There is a specific kind of meeting moment that happens in international or diverse teams: someone mispronounces a colleague’s name, the colleague does the small flinch they’ve learned to suppress, and everyone moves on like nothing happened. This occurs in companies that have elaborate inclusion initiatives and detailed values decks. It costs nothing to fix and costs something every time it doesn’t get fixed.
This post is not a lecture. It’s a practical how-to for the first-year employee who wants to not be the person doing the flinch-inducing thing.

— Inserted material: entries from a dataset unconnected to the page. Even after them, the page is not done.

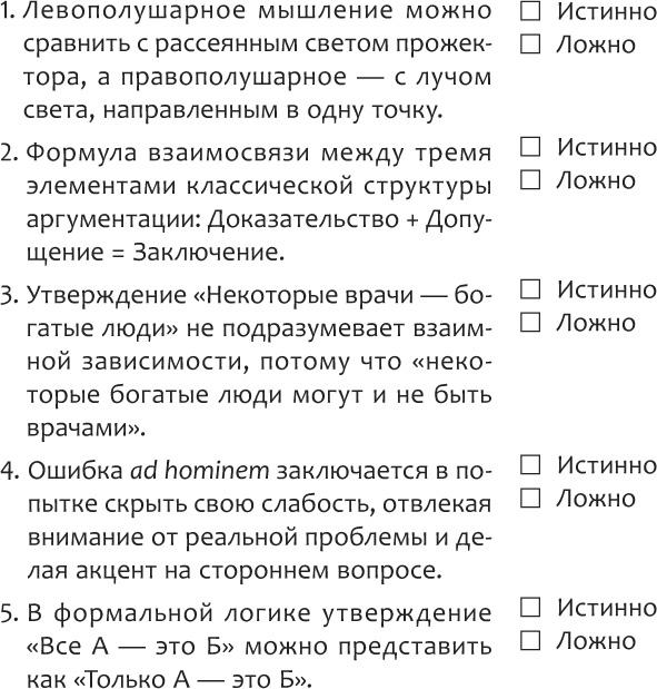 В разделе «Анализ аргументации» (глава 4) показано, как разложить аргументацию в соответствии с классической структурой: заключение, доказательство и допущение. Умение понимать, оспаривать и защищать аргумент — один из фундаментальных навыков мышления.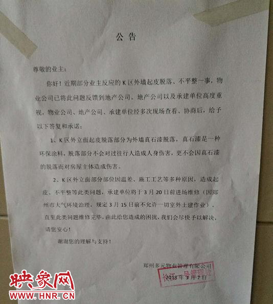 不過(guò),發(fā)稿前,“大象幫辦”記者接到了該小區(qū)物業(yè)的最新消息:為消除業(yè)主的顧慮,他們已在小區(qū)單元門(mén)口張貼公告,向業(yè)主解釋了外立面凸起產(chǎn)生原因,并承諾承建單位工程部將組織維修人員在3月20日之前進(jìn)場(chǎng)維修,直至此類問(wèn)題維修完畢。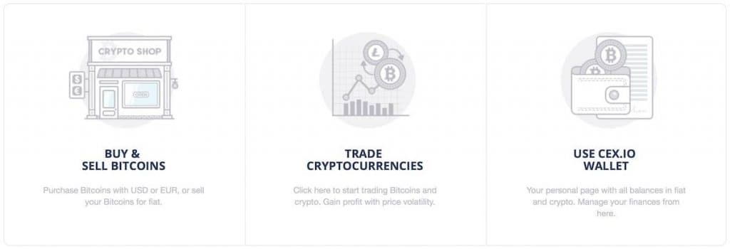 - Många betalningsmetoder: Det finns många olika betalningssätt att välja mellan på handelsplatsen. Du kan köpa bitcoin med VISA/MasterCard, banköverföring (SWIFT och SEPA) eller med andra kryptovalutor. CEX.io är en av få handelsplatser som erbjuder köp av bitcoin/ether med bankkort. Dessutom kan du göra uttag direkt till ditt bankkort.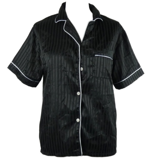 Dámský černý proužkovaný saténový pyžamový kabátek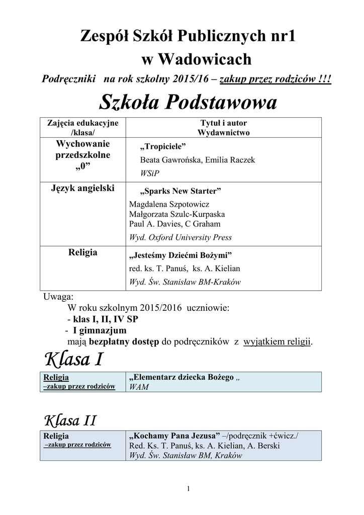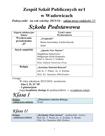 Zespół Szkół Publicznych nr1 w Wadowicach Podręczniki na rok szkolny 2015/16 – zakup przez rodziców !!! Szkoła Podstawowa Zajęcia edukacyjne /klasa/ Wychowanie przedszkolne „0” Język angielski Tytuł i autor Wydawnictwo „Tropiciele” Beata Gawrońska, Emilia Raczek WSiP „Sparks New Starter” Magdalena Szpotowicz Małgorzata Szulc-Kurpaska Paul A. Davies, C Graham Wyd. Oxford University Press Religia „Jesteśmy Dziećmi Bożymi” red. ks. T. Panuś, ks. A. Kielian Wyd. Św. Stanisław BM-Kraków Uwaga: W roku szkolnym 2015/2016 uczniowie: - klas I, II, IV SP - I gimnazjum mają bezpłatny dostęp do podręczników z wyjątkiem religii. Klasa I Religia –zakup przez rodziców „Elementarz dziecka Bożego „ WAM Klasa II Religia –zakup przez rodziców „Kochamy Pana Jezusa” –/podręcznik +ćwicz./ Red. Ks. T. Panuś, ks. A. Kielian, A. Berski Wyd. Św. Stanisław BM, Kraków 1 Klasa III Edukacja wczesnoszkolna Język angielski Religia BOX- „ Elementarz XXI wieku”. 1.Podręcznik –Elementarz -1, 2 część E. Hryszkiewicz B. Stępień 2.Ćwiczenia -1,2,3,4 część E. Hryszkiewicz M. Ogrodowicz 3.Matematyka -1,2,3,4 część M. Bura M. Kwil 4.Potyczki językowe –ćw. ortograficzne E. Kacprzak 5.Zajęcia komputerowe M. Kęska 6. Teczka artysty N. Gryzoń M. Król W. Vargas 7.Wyprawka Nowa Era Super Sparks 3 - /podr. +ćw./ Paul A. Davies, C Graham Magdalena Szpotowicz Małgorzata Szulc-Kurpaska Wyd. Oxford University Press „Przyjmujemy Pana Jezusa” Red. ks. Tadeusz Panuś Wyd. Św. Stanisława BM, Kraków Klasa Klasa IV Religia zakup przez rodziców „Słuchamy Pana Boga” Red. Ks. T. Panuś, ks. A. Kielian, A. Berski Wyd. św. Stanisław BM, Kraków 2012 2 Klasa V Język polski „Między nami”- /podr. + ćw./ Agnieszka Łuczak, Anna Murdzek Gdańskie Wydawnictwo Oświatowe Matematyka Matematyka z plusem –kl. 5. Podręcznik M. Dobrowolska, P. Zarzycki, M. Jucewicz Zeszyty ćwiczeń-Matematyka 5: - Liczby całkowite i ułamki- część 1 i 2 Z. Bolałek, M. Dobrowolska, A. Mysior, S. Wojtan - Geometria A. Mysior, P. Zarzycki Gdańskie Wydawnictwo Oświatowe Steps in English 2-/podr. + ćw./ Tim Falla, Paul A. Davies, Sylvia Wheeldon, Paul Shipton, Ewa Palczak, Magdalena Szpotowicz Wyd. Oxford University Press Historia wokół nas-/ podręcznik + zeszyt ćwiczeń/ R. Lolo, A. Pieńkowska, R. Towalski, W. Kalwat WSiP „Przyroda z klasą”-klasa 5 J. Buniowska, E. Frąckowiak, E, Gęca Wyd. Lektorklett Poznań „Słuchanie muzyki” kl.5 -/podr. z ćw./ Eugeniusz Wachowiak Wyd. GAWA „Lubię tworzyć”-kl.5 /podr. +ćw./ W. Sygut, A. Misior-Waś MAC Zajęcia techniczne cz.1 /podr. z ćw./ B. Stanecka, Cz. Stanecki Stanpol „Wierzymy w Pana Boga” Red. Ks. T. Panuś, ks. A. Kielian Wyd. Św. Stanisław BM, Kraków 2013r. Język angielski Historia Przyroda Muzyka Plastyka Zajęcia techniczne Religia 3 Klasa VI Język polski „Między nami”- /podr. + ćw./ Agnieszka Łuczak, Anna Murdzek Gdańskie Wydawnictwo Oświatowe 2014r. Matematyka Matematyka 6. PodręcznikM. Dobrowolska, P. Zarzycki, M. Jucewicz Zbiór zadań kl.6. P. Zarzycki, K. Zarzycka Gdańskie Wydawnictwo Oświatowe 2014r. Steps in English 3-/podr. + ćw./ Tim Falla, Paul A. Davies, Sylvia Wheeldon, Paul Shipton, Ewa Palczak Wyd. Oxford University Press „Historia wokół nas”- /podr.+ ćw./ R. Lolo, A. Pieńkowska, R. Towalski WSiP „Przyroda z klasą 6’’ E. Frąckowiak, E. Gęca, J. Buniowska Lektorklett „Lubię tworzyć”-kl.6 /podr. +ćw./ W. Sygut, A. Misior-Waś MAC Język angielski Historia Przyroda Plastyka Muzyka Zajęcia techniczne Religia „Słuchanie muzyki „kl.6 /podr. z ćw./ Ługiewicz, Wachowiak GAWA Zajęcia techniczne cz. 2 /podr. z ćw./ B. Stanecka, Cz. Stanecki StanPol „W kościele umacniamy wiarę” Red. ks. T. Panuś, ks. A. Kielian, ks. A. Berski Wyd.Św. Stanisława ,Kraków 4 Gimnazjum Klasa I Religia – zakup przez rodziców „Spotkanie ze słowem” red. ks. T. Panuś , R. Chrzanowska, M. Knicka wyd. Św. Stanisława BM Kraków Klasa II Język polski –IIa „Między nami” / Podr. + ćwicz./ A Łuczak, E. Prylińska , R. Maszka Gdańskie Wydawnictwo Oświatowe Język polski – II b,c „To lubię!” Teksty i zadania. Podręcznik / bez ćwiczeń/ M. Jędrychowska, Z. A. Kłakówna Wydawnictwo Edukacyjne Matematyka 2. Podręcznik dla gimnazjum /wyd.2010r. i nowsze/ praca zbiorowa pod red. M. Dobrowolskiej Matematyka 2. Zbiór zadań. Nowa wersja. M. Braun, J. Lech Gdańskie Wydawnictwo Oświatowe Interface 3 /podr.+ćw/ Emma Heyderman, Fiona Mauchline Macmillan Interface 2 /podr.+ćw/ Emma Heyderman, Fiona Mauchline Macmillan “Das ist Deutsch” 3-Język niemiecki dla gimnazjum podr.+ćw. J. Kamińska NOWA ERA “Das ist Deutsch”Kompakt 2. -Język niemiecki dla gimnazjum -podr. z ćw. J. Kamińska NOWA ERA Historia 2. Podręcznik do gimnazjum. Janusz Ustrzycki OPERON „Dziś i jutro”- Podręcznik z ćwiczeniami dla gimnazjum cz.1 J. Janicka, A. Kucia, T. Maćkowski NOWA ERA Matematyka Język angielski kontynuacja Język angielski – początkowy Język niemieckikontynuacja Język niemiecki początkowy Historia WOS 5 Chemia „Chemia Nowej Ery cz.2 .” /podr.+ ćw. / T. Kulawik, M.Litwin, J.Kulawik, D. Babczonek-Wróbel NOWA ERA Fizyka Geografia Biologia Religia „Świat fizyki ”- cz. 2 i 3 B. Sagnowska Świat fizyki. Zbiór prostych zadań dla gimnazjum. Andrzej Kurowski, Jolanta Niemiec ZAMKOR „Puls Ziemi”- /podr. + ćw./ B. Dobosik, A. Hibszer, J. Soja NOWA REA Kontynuacja -„Puls życia 1”-podręcznik do biologii dla gimnazjum. „Puls życia 2”-podręcznik do biologii dla gimnazjum M. Jefimow, M. Sęktas NOWA ERA „Aby nie ustać w drodze” red. ks. T. Panuś , R. Chrzanowska wyd. Św. Stanisława BM Kraków 2013 Klasa III Język polski – III b,c Język polski – IIIa Matematyka Język angielski kontynuacja Język angielski – początkowy Język niemieckikontynuacja Język niemieckipoczątkowy „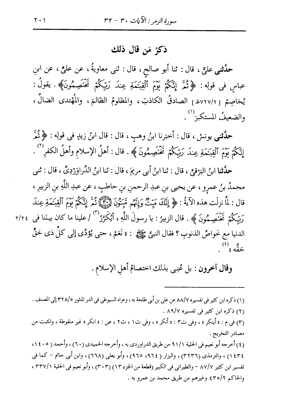 حَدَّثَنِي ابْنُ الْبَرْقِيِّ، قَالَ: ثنا ابْنُ أَبِي مَرْيَمَ، قَالَ: ثنا ابْنُ الدَّرَاوَرْدِيِّ، قَالَ: ثني مُحَمَّدُ بْنُ عَمْرٍو عَنْ يَحْيَى بْنِ عَبْدِ الرَّحْمَنِ بْنِ حَاطِبِ بْنِ الزُّبَيْرِ، قَالَ: لَمَّا نَزَلَتْ هَذِهِ الْآيَةُ: {§إِنَّكَ مَيِّتٌ وَإِنَّهُمْ مَيِّتُونَ ثُمَّ إِنَّكُمْ يَوْمَ الْقِيَامَةِ عِنْدَ رَبِّكُمْ تَخْتَصِمُونَ} [الزمر: 31] قَالَ الزُّبَيْرُ: يَا رَسُولَ اللَّهِ، أَيُنْكِرُ عَلَيْنَا مَا كَانَ بَيْنَنَا فِي الدُّنْيَا مَعَ خَوَاصِّ الذُّنُوبِ؟ فَقَالَ النَّبِيُّ صَلَّى اللهُ عَلَيْهِ وَسَلَّمَ: «نَعَمْ حَتَّى يُؤَدِّي إِلَى كُلِّ ذِي حَقٍّ حَقَّهُ» وَقَالَ آخَرُونَ: بَلْ عُنِيَ بِذَلِكَ اخْتِصَامُ أَهْلِ الْإِسْلَامِ

Why names matter more than you think
A name is the word a person has heard spoken correctly their whole life by people who know them and love them. Getting it consistently wrong signals, at a low hum, that you haven’t invested enough attention to learn it. That signal accumulates. It doesn’t create enemies; it creates a mild but durable sense that you’re someone who doesn’t pay close attention to people.
In a professional setting, where trust is built from hundreds of small signals, “pays close attention to people” is the kind of reputation you want. It’s also the kind of reputation that accrues to people who do the small things well. Your manager doesn’t announce who gets credit for this. It just becomes part of how they think about you.
What the other person is trying to do
Almost no one corrects mispronunciation directly. It feels confrontational and the moment passes quickly, so most people absorb it and move on. This means you will not get feedback that you’re getting it wrong. The absence of correction is not confirmation that you’re saying it right.
How to learn a name you’re not sure about
Three options, in ascending order of directness:
Ask them directly, in private. “I want to make sure I’m saying your name correctly. How do you say it?” This is the best option and the most underused. Everyone I’ve ever seen asked this question has responded warmly. The ask signals effort, which is the whole point.
Ask a trusted colleague. If asking directly feels awkward in a given context, asking a mutual colleague is fine: “Hey, how do you pronounce [name]? I want to make sure I’m getting it right.”
Use a name pronunciation tool. For names from cultures you’re less familiar with, a quick search on a pronunciation guide or name-pronunciation site covers most cases. It takes sixty seconds and removes the guesswork.
What doesn’t work: guessing for six months and hoping the colleague will eventually correct you. They probably won’t.
What to do if you’ve been getting it wrong
This is where most people freeze. The options feel like: ignore it forever, or have an awkward moment of acknowledgment. The awkward moment is the right call, and it’s less awkward than it feels:
“I realized I’ve been mispronouncing your name. The right way is [correct version], right? I want to make sure I’m getting it right going forward.”
One sentence. Then say the name correctly a few times in natural conversation and the subject is closed. People remember the correction more than the original error.
Beyond pronunciation: the names thing broadly
Getting someone’s name right also extends to not shortening it without permission. If someone introduces themselves as Anagnda, “Ana” is not automatically available to you. Some people prefer the shortened version; others don’t. The safe default is to use what they gave you until they offer otherwise.
Same for nicknames that appear in someone’s email signature vs. their display name. If the signature says “Theo” and the company directory says “Theodore,” use “Theo.” The signature is the signal.
A note on your own name
If your name is often mispronounced, there’s a version of this that goes the other way: making it easy for people to get it right early. Introducing yourself with a quick assist is a reasonable move: “I’m Siobhan, pronounced Sha-VAWN, nice to meet you.” Most people will appreciate the guidance and you’ll spend less energy on the micro-corrections that follow the other path.
You can learn the names of every piece of internal tooling at a new job in two weeks. Names of the people you work with are at least as learnable and considerably more important.